(About this exercise): Give back the whole listing exactly as written, leaving out each picture.
Data provided below:
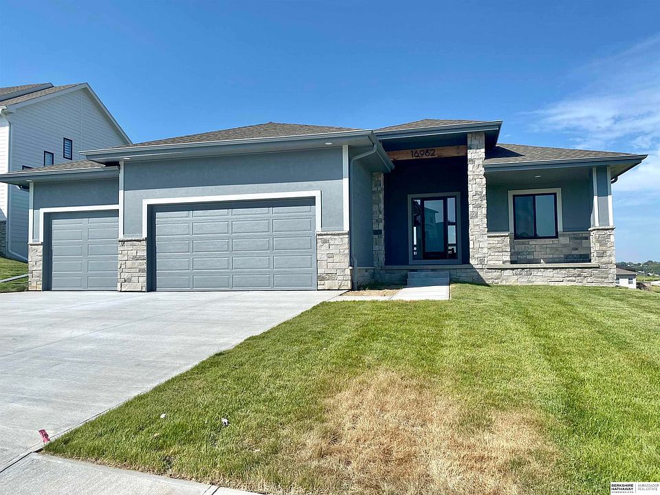 Proline Berkeley Ranch with modern elevation on a SOUTH facing WALKOUT lot in Newport Vista. Open floor plan with large windows & daylight throughout. Great room features a stone fireplace. Large kitchen with locally made custom cabinetry, quartz countertops, huge center island & walk-in pantry! Primary bath with double sink vanity, huge walk-in shower & walk-in closet. Spacious laundry room with sink vanity and upper cabinet. Drop area coming in from garage with drop zone area & coat closet. Huge three car garage. Covered deck on rear. Unfinished basement with 2 egress windows as well as rough ins for wet bar and 3/4 bath. Buyer to verify current HOA fees and schools. AMA
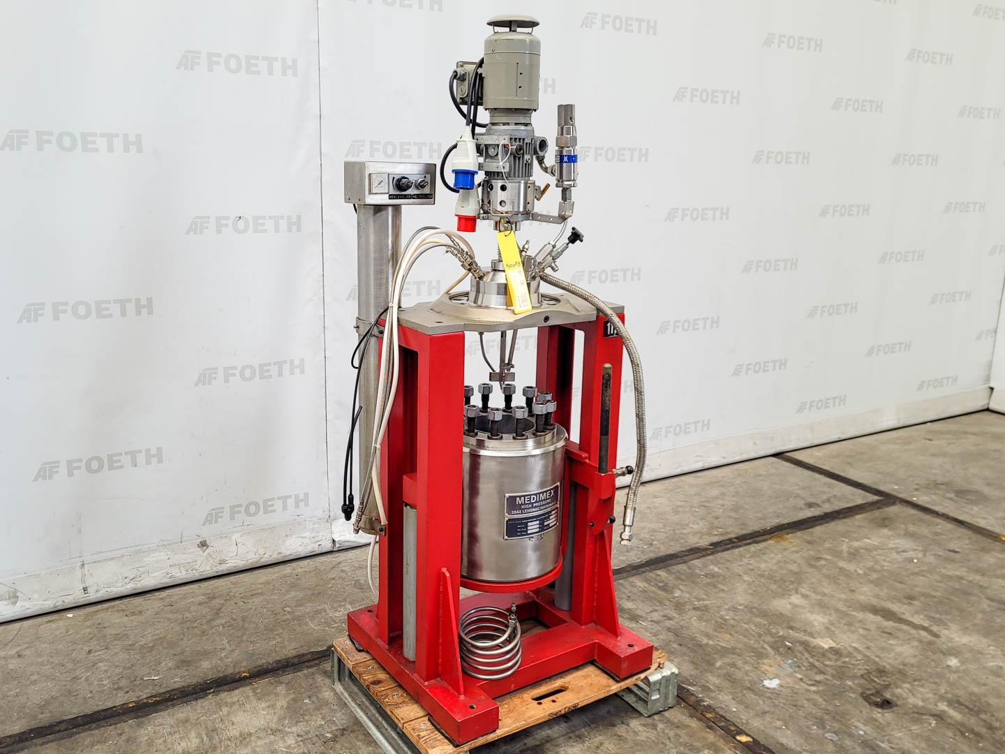 General SKU412T1301 MakeMedimex TypeMed. 260 No.170730 Year of construction1996 Mounted on legscheck Pressure Working pressure300 Bar Main Features MaterialStainless steel Volume1 Ltr. Motor0.12 KW Specified Features - Stainless Steel Reactor MaterialStainless steel 1.4571 (316Ti) Stainless Steel Reactors Reactorcheck Capacity1 Ltr. Vessel sizes100x140 mm Top connections5/8 (2x), 3/4 (2x), 1/4 (2x) Half coil jacketedcheck Max. temperature300 °C With propellor stirrercheck Motor0,12 kW, 220-240/380-420 volt, 1390 rpm Information LocationBarneveld Floorspace0,45x0,45 m Total height1,95 m Weight180 kg ATEX compatiblecheckStainless Steel ReactorsCatalysts & fillersSolventsDetergent & surf.Other pharmaceuticsCosmeticsOrganicsLubricants & oleoSolid pharmaceuticsDyes & pigmentsAPIMinerals & inorganicPlastic & polymersAgrochemicalsRubberOther chemicalFine chemicals ...
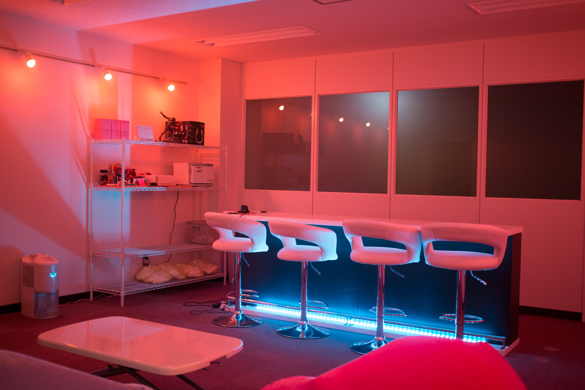 悪ノリしてカウンターの下にLEDバーもつけてみましたが…なんだろう、このいかがわしい夜のお店の雰囲気。
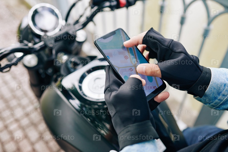 Мотоциклист приближается к карте
End of Data provided.
(Exercise result):
 Proline Berkeley Ranch with modern elevation on a SOUTH facing WALKOUT lot in Newport Vista. Open floor plan with large windows & daylight throughout. Great room features a stone fireplace. Large kitchen with locally made custom cabinetry, quartz countertops, huge center island & walk-in pantry! Primary bath with double sink vanity, huge walk-in shower & walk-in closet. Spacious laundry room with sink vanity and upper cabinet. Drop area coming in from garage with drop zone area & coat closet. Huge three car garage. Covered deck on rear. Unfinished basement with 2 egress windows as well as rough ins for wet bar and 3/4 bath. Buyer to verify current HOA fees and schools. AMA
 General SKU412T1301 MakeMedimex TypeMed. 260 No.170730 Year of construction1996 Mounted on legscheck Pressure Working pressure300 Bar Main Features MaterialStainless steel Volume1 Ltr. Motor0.12 KW Specified Features - Stainless Steel Reactor MaterialStainless steel 1.4571 (316Ti) Stainless Steel Reactors Reactorcheck Capacity1 Ltr. Vessel sizes100x140 mm Top connections5/8 (2x), 3/4 (2x), 1/4 (2x) Half coil jacketedcheck Max. temperature300 °C With propellor stirrercheck Motor0,12 kW, 220-240/380-420 volt, 1390 rpm Information LocationBarneveld Floorspace0,45x0,45 m Total height1,95 m Weight180 kg ATEX compatiblecheckStainless Steel ReactorsCatalysts & fillersSolventsDetergent & surf.Other pharmaceuticsCosmeticsOrganicsLubricants & oleoSolid pharmaceuticsDyes & pigmentsAPIMinerals & inorganicPlastic & polymersAgrochemicalsRubberOther chemicalFine chemicals ...
 悪ノリしてカウンターの下にLEDバーもつけてみましたが…なんだろう、このいかがわしい夜のお店の雰囲気。
 Мотоциклист приближается к карте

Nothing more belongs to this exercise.